» **Task goal**
The listing below must be repeated word for word, with its images excluded.

-------- Given information

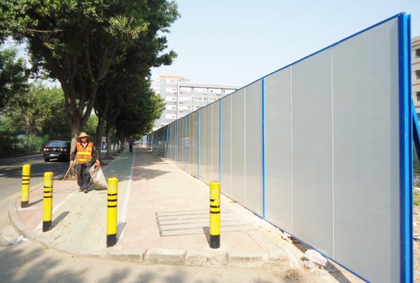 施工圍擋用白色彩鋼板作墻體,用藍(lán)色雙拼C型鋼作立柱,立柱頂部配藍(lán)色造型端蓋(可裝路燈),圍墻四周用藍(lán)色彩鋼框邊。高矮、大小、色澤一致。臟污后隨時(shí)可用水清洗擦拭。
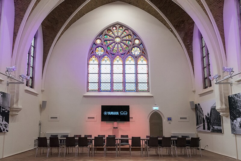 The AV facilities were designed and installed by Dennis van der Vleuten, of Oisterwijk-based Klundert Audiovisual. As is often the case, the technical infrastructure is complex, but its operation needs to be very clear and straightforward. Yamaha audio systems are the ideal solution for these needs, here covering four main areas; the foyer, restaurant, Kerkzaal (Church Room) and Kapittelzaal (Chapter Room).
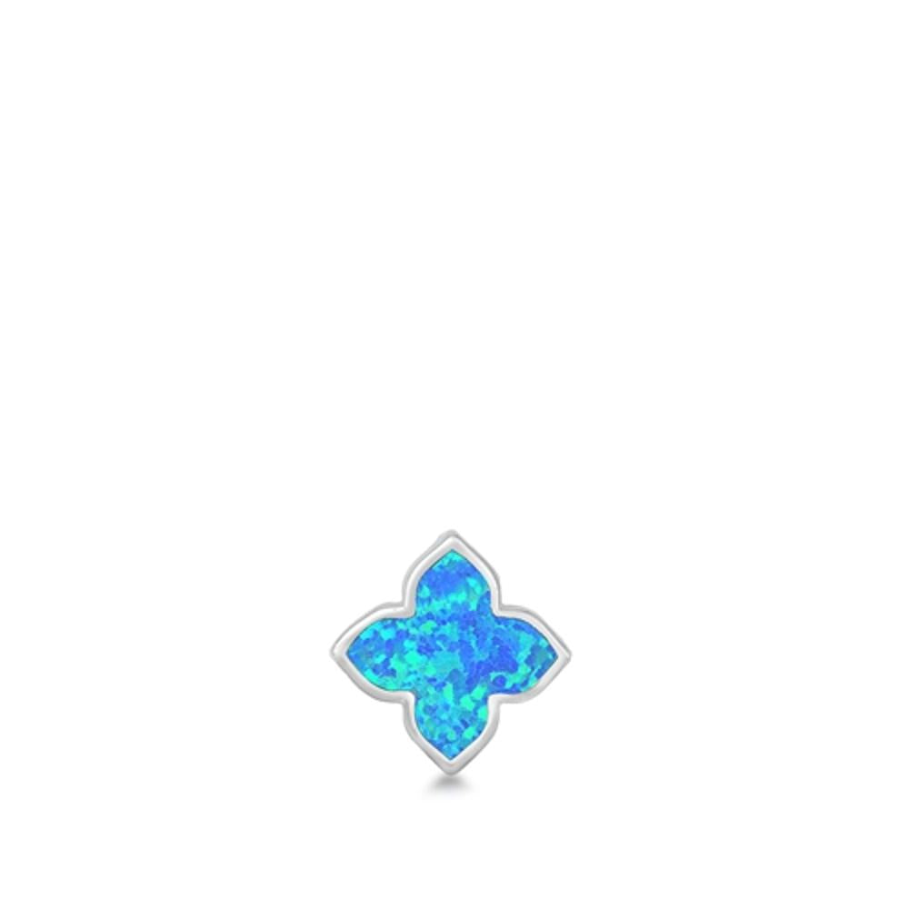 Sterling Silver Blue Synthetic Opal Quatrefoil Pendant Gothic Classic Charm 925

----------------

» **Response below**
 施工圍擋用白色彩鋼板作墻體,用藍(lán)色雙拼C型鋼作立柱,立柱頂部配藍(lán)色造型端蓋(可裝路燈),圍墻四周用藍(lán)色彩鋼框邊。高矮、大小、色澤一致。臟污后隨時(shí)可用水清洗擦拭。
 The AV facilities were designed and installed by Dennis van der Vleuten, of Oisterwijk-based Klundert Audiovisual. As is often the case, the technical infrastructure is complex, but its operation needs to be very clear and straightforward. Yamaha audio systems are the ideal solution for these needs, here covering four main areas; the foyer, restaurant, Kerkzaal (Church Room) and Kapittelzaal (Chapter Room).
 Sterling Silver Blue Synthetic Opal Quatrefoil Pendant Gothic Classic Charm 925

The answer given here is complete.